In a year where it has been declared that alongside the Covid-19 pandemic, we are also suffering through a mental health crisis, the discussion on mental health and breaking the stigma within the Black community is more important than ever. Having accurate and diverse depictions of Black people with mental illnesses, disabilities, and/or discussions on overall mental health is one way to normalize and start the discussion within the community; it is a way for information to be spread about different people’s experiences with different mental conditions. The significance of hearing or seeing one story where someone has, not only dealt with a similar mental illness or trauma, but has also navigated healing/living well with it, can be the difference of saving a Black life, and film has the power to make these stories more widely accessible to all. 

For this reason, I have chosen to center my research on a content analysis on two of the few films that chose to tell the stories of two Black men with varying mental illnesses and/or disabilities.

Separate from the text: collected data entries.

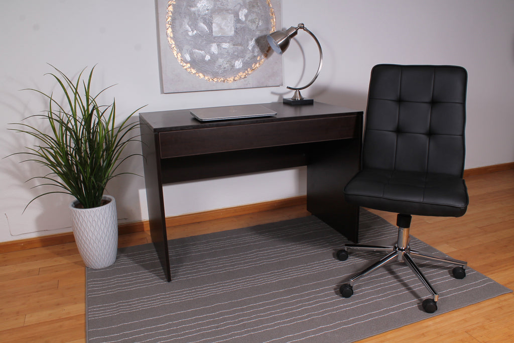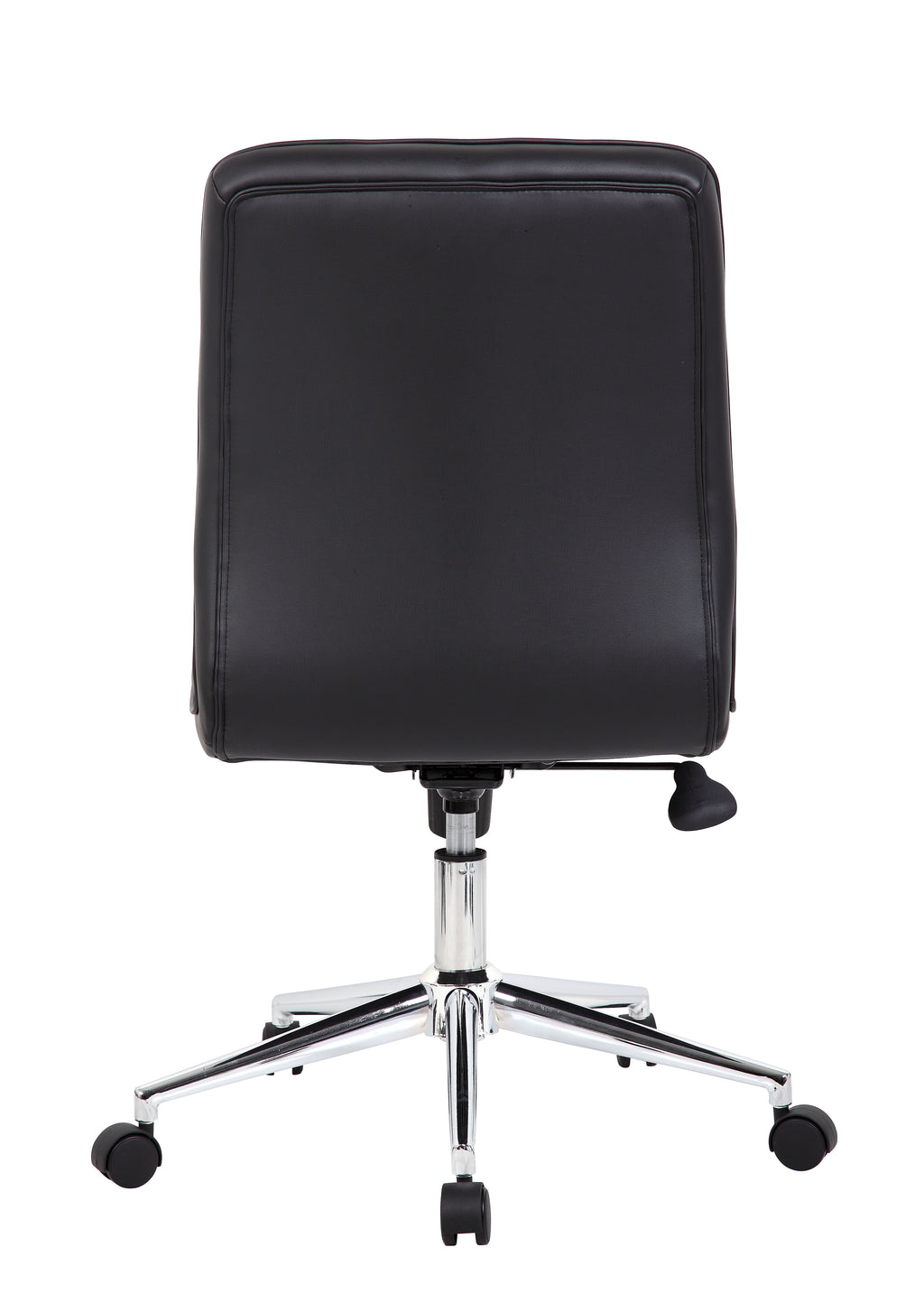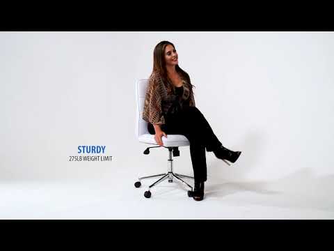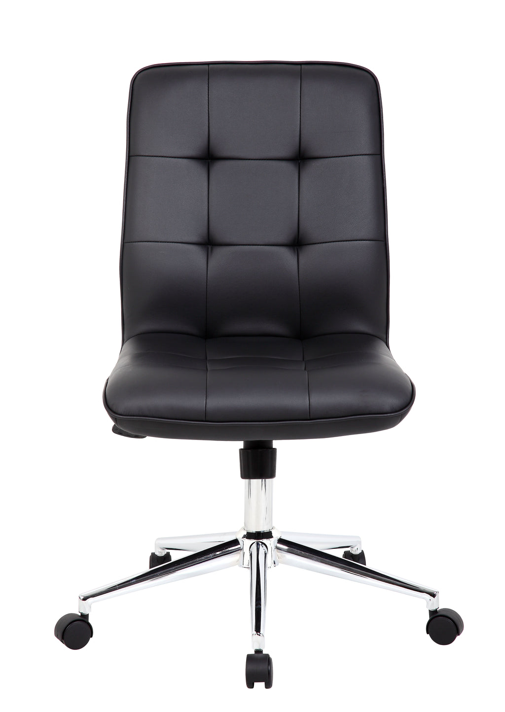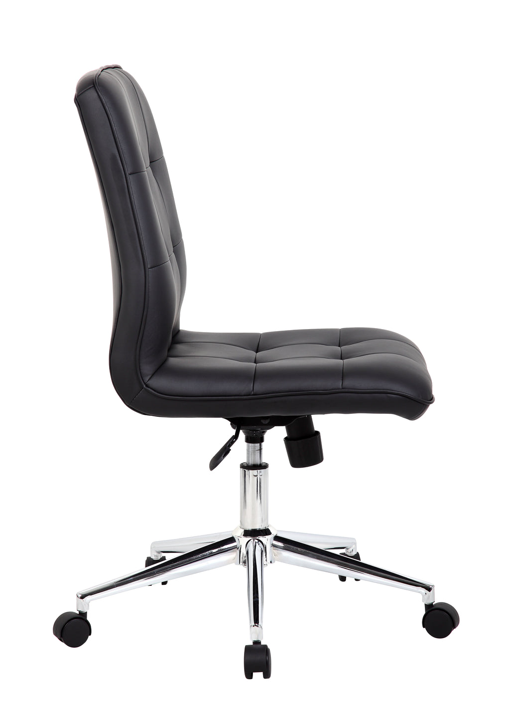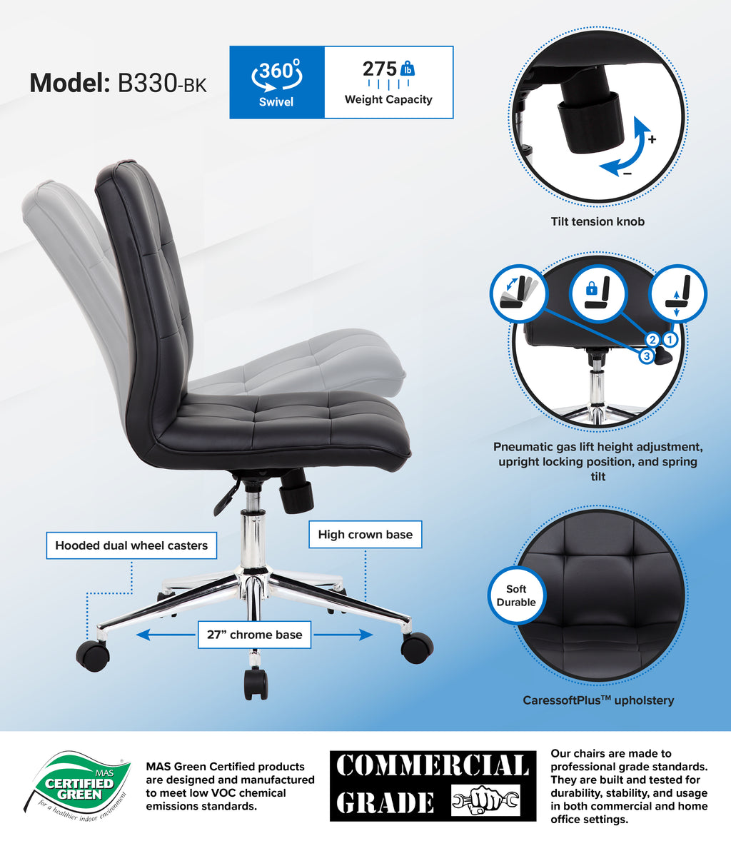 The Millennial Modern Home Office Chair in black is made with CaressoftPlus material. CaressoftPlus is a trademarked vinyl that is an ultra-soft upholstery that looks & feels like leather, but more durable & easy to clean. The 27 inch chair base is designed with fancy high crown chrome and has 2 inch nylon dual wheel castors for smooth rolling. The chair has a 275 lbs. weight limit in addition to offering tilt tension, a pneumatic gas lift and an upright lock.
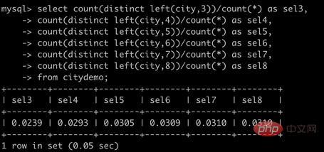 可以看到当前缀长度到达7之后,再增加前缀长度,选择性提升的幅度已经很小了。由此最佳创建前缀索引长度为7。
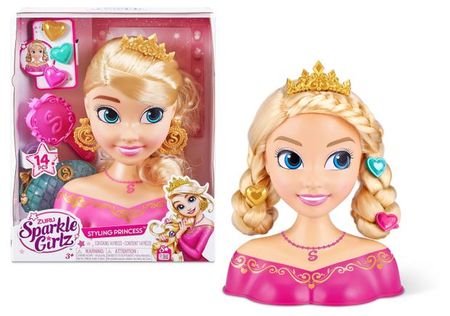 Манекен ZURU Sparkle Girlz для для укладки волос принцессы включает в себя все необходимое для создания гламурного образа! У этой принцессы невероятно шикарные локоны, готовые к укладке. Расчешите ее волосы королевской щеткой и используйте яркие аксессуары для волос, чтобы подчеркнуть уникальный стиль. Меняйте ее образ от королевской прически до элегантной косы.
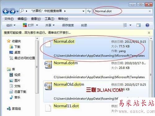 方法一:雙擊打開“計算機”在右上方的搜索框中輸入“Normal.dot”,此時Win7系統(tǒng)會自動搜尋名稱包含“Normal.dot”這個名稱的文件,搜索的結(jié)果可能有很多相似的文件,但你只需要找到“C:UsersAdministratorAppDataRoamingMicrosoft Templates”這個路徑下面的“Normal.dot”這個文件,然后將其刪除即可。

This analysis seeks to explore how Black people and their mental conditions are depicted in film, and I hope to find that these stories move past depicting those with mental illnesses or disabilities as violent, disruptive, defiant, and limited to their disabilities. 

Literature Review

There have been few studies done quite recently on the portrayals of mental health narratives in film and television. In a study released by University of Southern California, “Mental Health Conditions in Film & TV: Portrayals That Dehumanize and Trivialize Characters, the authors found that popular television rarely includes mental health narratives and characters, and out of those narratives represented, around 80 percent of the characters with mental health portrayals in film are white (more than 50 percent being white males).1 Even with various ethnic groups (including Hispanic/Latino individuals) having the highest percentages of mental health conditions in their communities, BIPOC are extremely underrepresented in these narratives.2 This study further discusses how this lack of representation or exacerbation of a certain group creates inclusion disparities among characters in film and television and dehumanizes mental health conditions in storytelling. For this reason, the depictions of various racial and cultural groups and their mental health experiences, outside of disparagement and humor, are necessary, as many of these behaviors and conceptualizations can be repeated and internalized off of the screen.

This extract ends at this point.